Section TOOL


Genre isn’t really important for this Canadian record producer who prefer to work on music that has a strong identity and shows elements of originality. So he has done lots of different styles of music in studios all over the world for diverse artists such as Peter Gabriel, King Crimson, Muse, Kid Rock, Stone Sour, and of course Tool on Ænima, Salival and Lateralus.

Salival: First, can you tell how you started your career?
David Bottrill: I started in 1983 at Grant Avenue Studios in Hamilton, Canada. It was owned by Bob and Daniel Lanois. We had mutual friends and I obtained an interview. We agreed I would intern until a job became available, which it did in about 6 months. When Dan went to England to work with Peter Gabriel, he took me with him to assist on the sessions. When we finished that record, I stayed working with Peter for the next 9 years.

And one day, the Tool guys sent you some of their music. As this was more direct and you weren't familiar with that kind of music then, what made you decide to meet them anyway?
At first, I thought they had me confused with someone else, but when I heard their music I thought they were a great band. They had been inspired by some of the work I had done, and they thought we would be a good working match as they wanted to do something a bit more unique than a standard Los Angeles metal record.

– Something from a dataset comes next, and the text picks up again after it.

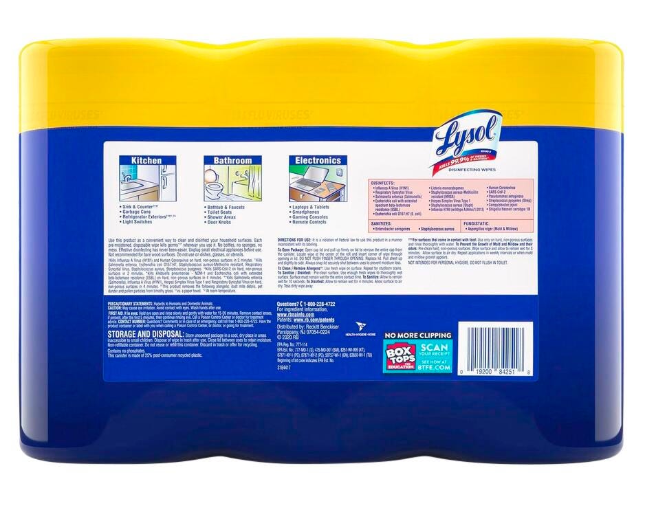 Wipes are thick, pre-moistened wipes that kill 99.9% of viruses and bacteria on hard, nonporous surfaces and is effective against 46 microorganisms. Removes 95% of allergens. Ideal for cleaning, disinfecting, and deodorizing. Use on kitchen counters, appliances, stove tops, cabinets, floors, garbage cans, toilet exteriors, bathtubs, and sinks. EPA Registered.Features
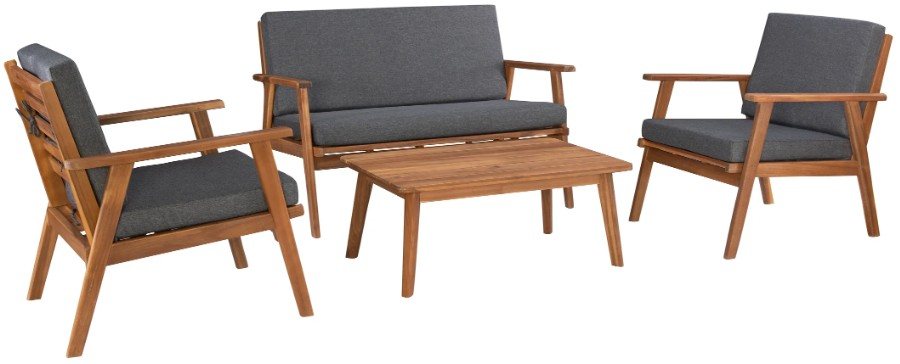 This tailored chat set is designed to be colorful, inviting and durable. Vibrant removable dark blue, grey, natural or orange cushions are made of performance fabric that resist fade and damage from the elements. The frame is built from acacia wood that is oil stained in a traditional walnut finish.Read More

What did you think when you first met them?
They ran me through a rehearsal. I loved both their new music which was to become Ænima and their strong work ethic.

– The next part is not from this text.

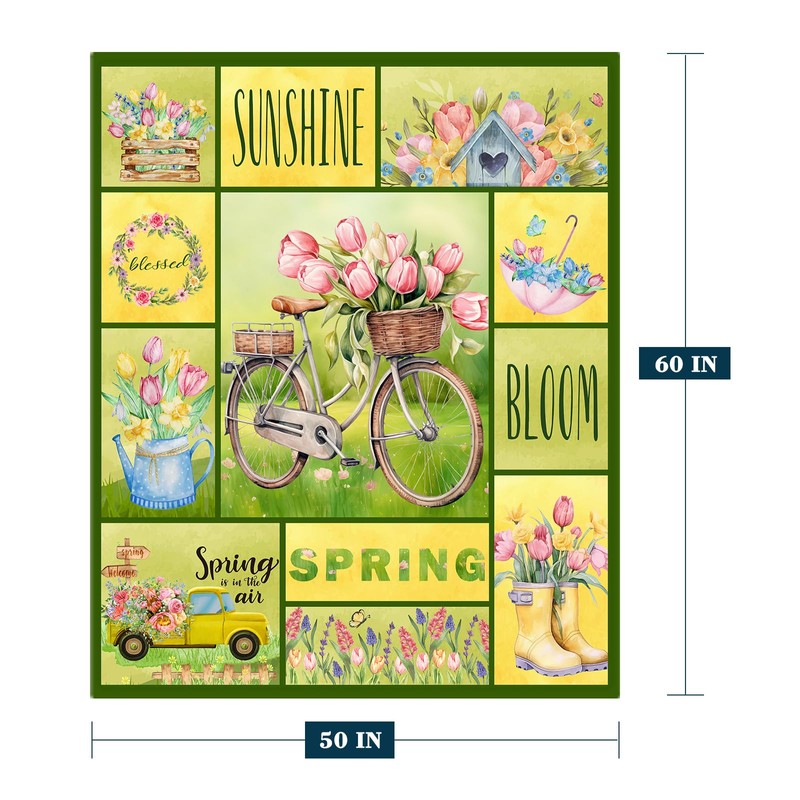 - ★ SPRING HOLIDAY GIFT BLANKET★ : The farmhouse spring summer flower blanket is your perfect holiday gift choice, very suitable for family,women, men, girls,boys, dogs and pets, etc.The plush spring theme blankets are not only warm blankets for couch,sofa,bed and car, but also bring a stylish and unique holiday atmosphere to your bedroom and living room.The spring floral throw blanket is with sweet bike tulip flower pattern, which is a perfect addition to your holiday home decorations.

Did the combination work from the start?
We got along right away and had very few conflicts while working together. It was a great experience. As with every relationship, there's a building of confidence and communication, but that happened quite quickly and we began the recording soon after that.


Did they really work everything out before getting into the studio?
I know they rehearsed and wrote for a long time before going into the studio, and most things were crafted before. When it came time for each musician to do their parts, they were prepared and came to work promptly and ready to play. That's not the case with a lot of bands.

I've read that for the recording of Danny Carey's part, he chose carefully the different elements he used with each song, and disposed them following certain mathematical precepts, etc. Was it a hard job for you?
I don't know what you read, but though he may have some of that in his mind, we recorded the drums and electronics in the usual fashion.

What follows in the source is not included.